Sample 3D face model for test can be downloaded from here. https://pan.baidu.com/s/1bKKfLs8YEbYuSYkyQ5zH4g -password:gcy6 https://pan.baidu.com/s/1Ez_uqpUbxer6s_I8pwGBkA -password:d0me https://pan.baidu.com/s/1223eM9mu80_NI8RTdgq96g -password:jb0d
.ply file
.obj file
.obj file with eyeballs removed
(forked from FLAME:https://github.com/Rubikplayer/flame-fitting/blob/master/README.md)
We also provide Tensorflow FLAME and PyTorch FLAME frameworks, and code to convert from Basel Face Model to FLAME.

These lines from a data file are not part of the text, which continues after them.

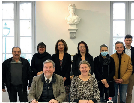
Convention de rappel à l'ordre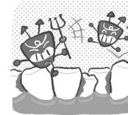
歯並びがでこぼこ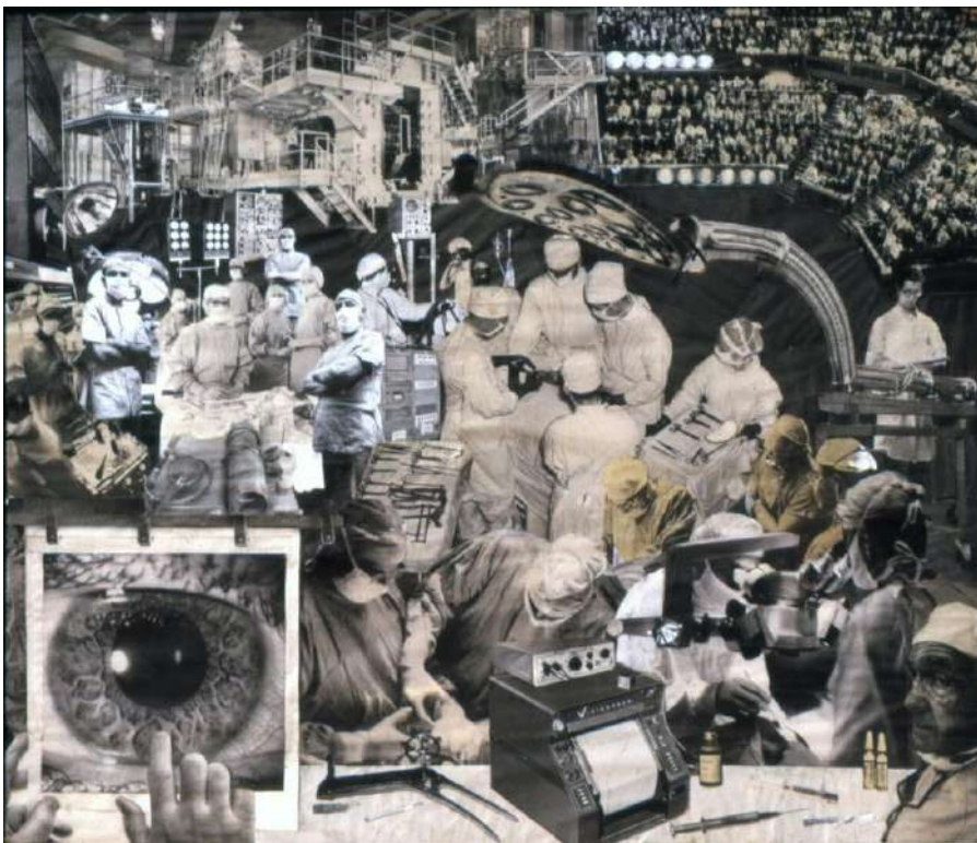
Fig. 2. Rosler, M. (1967). Medical Surveillance [Fotomontaje, originalmente un collage]. 1267 x 1079. Martha Rosler.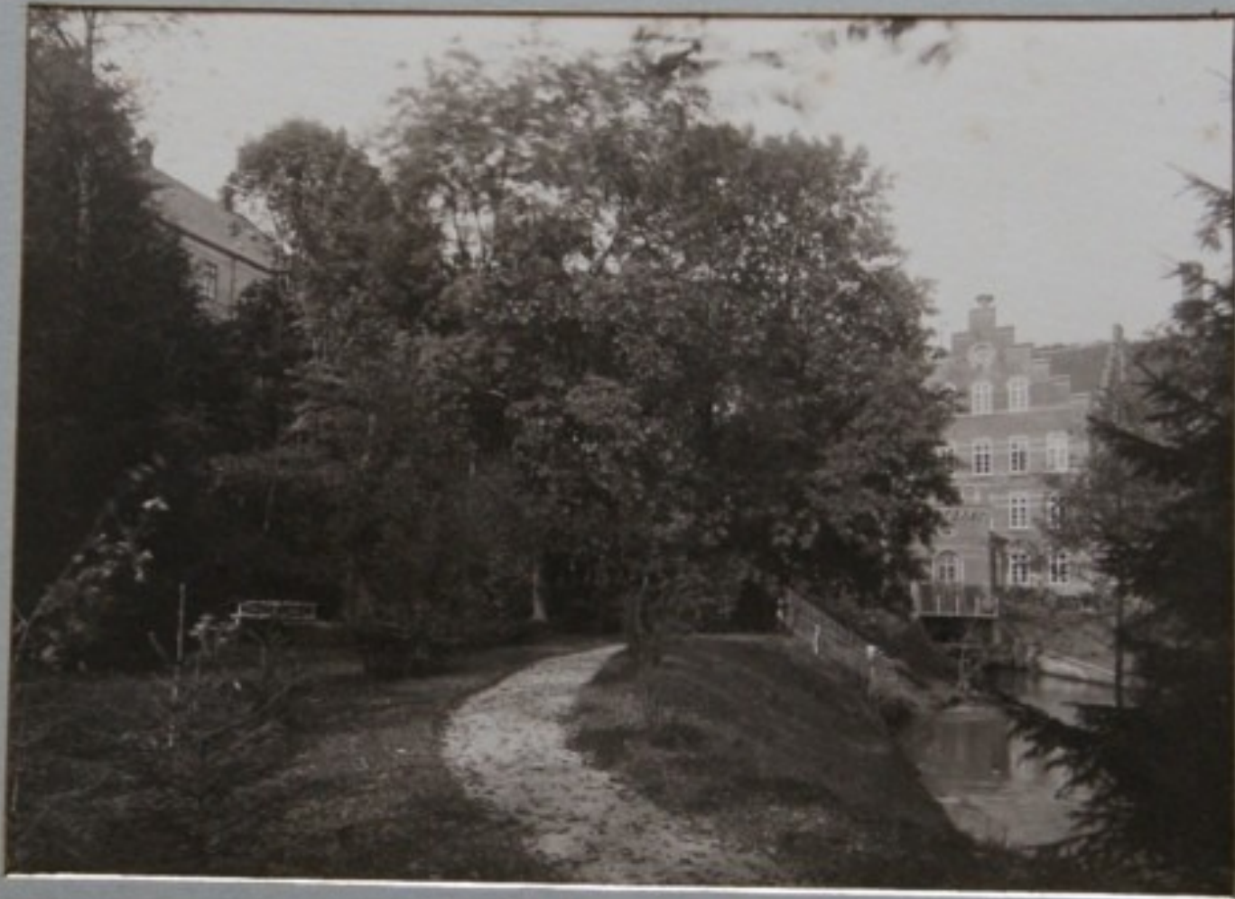
FRA ANLÆGET VED KILDEN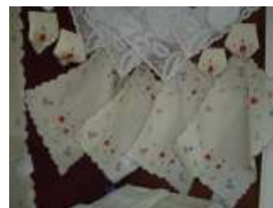
民族衣装の子供は刺しゅうの定番。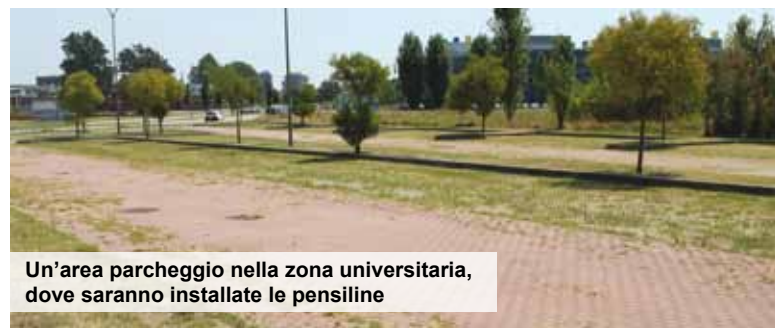
Un'area parcheggio nella zona universitaria, dove saranno installate le pensiline

Tre nuovi impianti, oltre 400 i posti auto coperti dai pannelli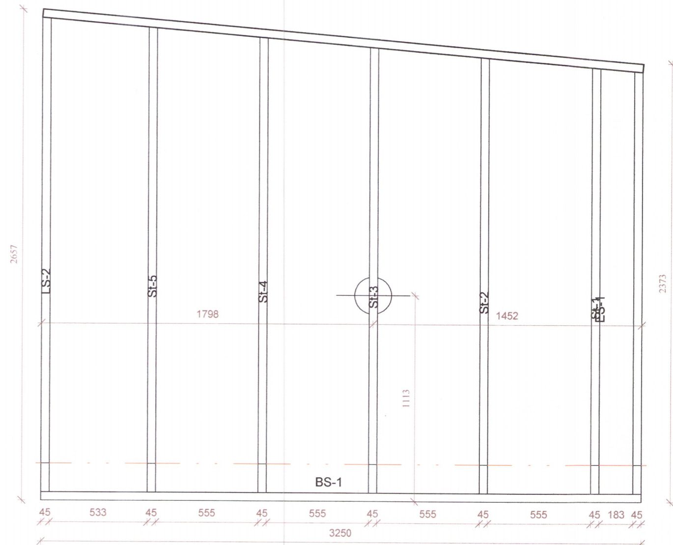
1 Mál burðareiningar veggeiningar 1 : 20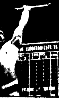
Vasily Alexeev, il sovietico che ha battuto due primati mondiali nel supermassimo

FLAME is a lightweight and expressive generic head model learned from over 33,000 of accurately aligned 3D scans. FLAME combines a linear identity shape space (trained from head scans of 3800 subjects) with an articulated neck, jaw, and eyeballs, pose-dependent corrective blendshapes, and additional global expression blendshapes. For details please see the scientific publication
Learning a model of facial shape and expression from 4D scans
Tianye Li*, Timo Bolkart*, Michael J. Black, Hao Li, and Javier Romero
ACM Transactions on Graphics (Proc. SIGGRAPH Asia) 2017
and the supplementary video.
This codebase demonstrates
- Sampling: Load and evaluate FLAME model for random parameters
- Landmark fitting: Fit FLAME to 3D landmarks
- Scan fitting: Fit FLAME to a 3D scan
The code has been tested with Python 3.6.9.
Clone the git project:
git clone https://github.com/Rubikplayer/flame-fitting.git
Install pip and virtualenv
sudo apt-get install python3-pip python3-venv
Set up virtual environment:
mkdir <your_home_dir>/.virtualenvs
python3 -m venv <your_home_dir>/.virtualenvs/flame-fitting
Activate virtual environment:
cd flame-fitting
source <your_home_dir>/.virtualenvs/flame-fitting/bin/activate
Make sure your pip version is up-to-date:
pip install -U pip
Somerequirements can be installed using:
pip install -r requirements.txt
Install mesh processing libraries from MPI-IS/mesh within the virtual environment.
The scan-to-mesh distance used for fitting a scan depends on Eigen. Either download Eigen for here OR clone the repository:
git clone https://gitlab.com/libeigen/eigen.git
After downloading Eigen, you need to compile the code in the directory 'sbody/alignment/mesh_distance'. To do this go to the directory:
cd sbody/alignment/mesh_distance
Edit the file setup.py to set EIGEN_DIR to the location of Eigen. Then type:
make
Download the FLAME model MPI-IS/FLAME. You need to sign up and agree to the model license for access to the model. Download RCHigh_trimmed_ocular_region.obj, RCHigh_trimmed_color.ply, RCHigh_trimmed.obj from pan.baidu.com following the link bellow. Put them into ./data file 链接:https://pan.baidu.com/s/1d5sR7DP6q0VptLLclcImDA 提取码:8en9 复制这段内容后打开百度网盘手机App,操作更方便哦 Note: data for this project must be preprocessed because we use dlib to automatically annotate landmarks on projection of 3D face mesh. The figure in scan must face the +z axis. You can check the projection.png to see whether the scan orient in a wrong direction or not. The two .obj files should contain only vertices (no color). The .pkl file is for generating landmarks, so, it must contain color. For all three scans, the resolution of the scan should be in "cm"
- you can run example.py, which will generate sample_index.npy, landmarks_3d_51_points.npy and reconstruction output fit_region_scan_result.obj under ./output
- you can run find_sampler_indexes.py to generate sample_index.npy under the ./data file
- you can run generate_landmarks.py to generate landmarks_3d_51_points.npy under ./data file
- after the two file has been generated, you can run fit_scan_region.py to generate fit the region specified by sample_index.npy.
Fitting a scan requires scan and FLAME model to be in the same local coordiante systems. The fit_scan.py
script provides different options by specifying the variable scale_unit
to convert from Meters [m] (default), Centimeters [cm], or Milimieters [mm]. Please specify the right unit when running fit_scan.py
. If the unit of the measurement unit is unknown, choose scale_unit = 'NA'
.
We project 3D scan into a 2D image and use dlib to automatically annotate landmarks on the projected image. Then, we traceback to the closest point in the scan data and mark it as a landmark.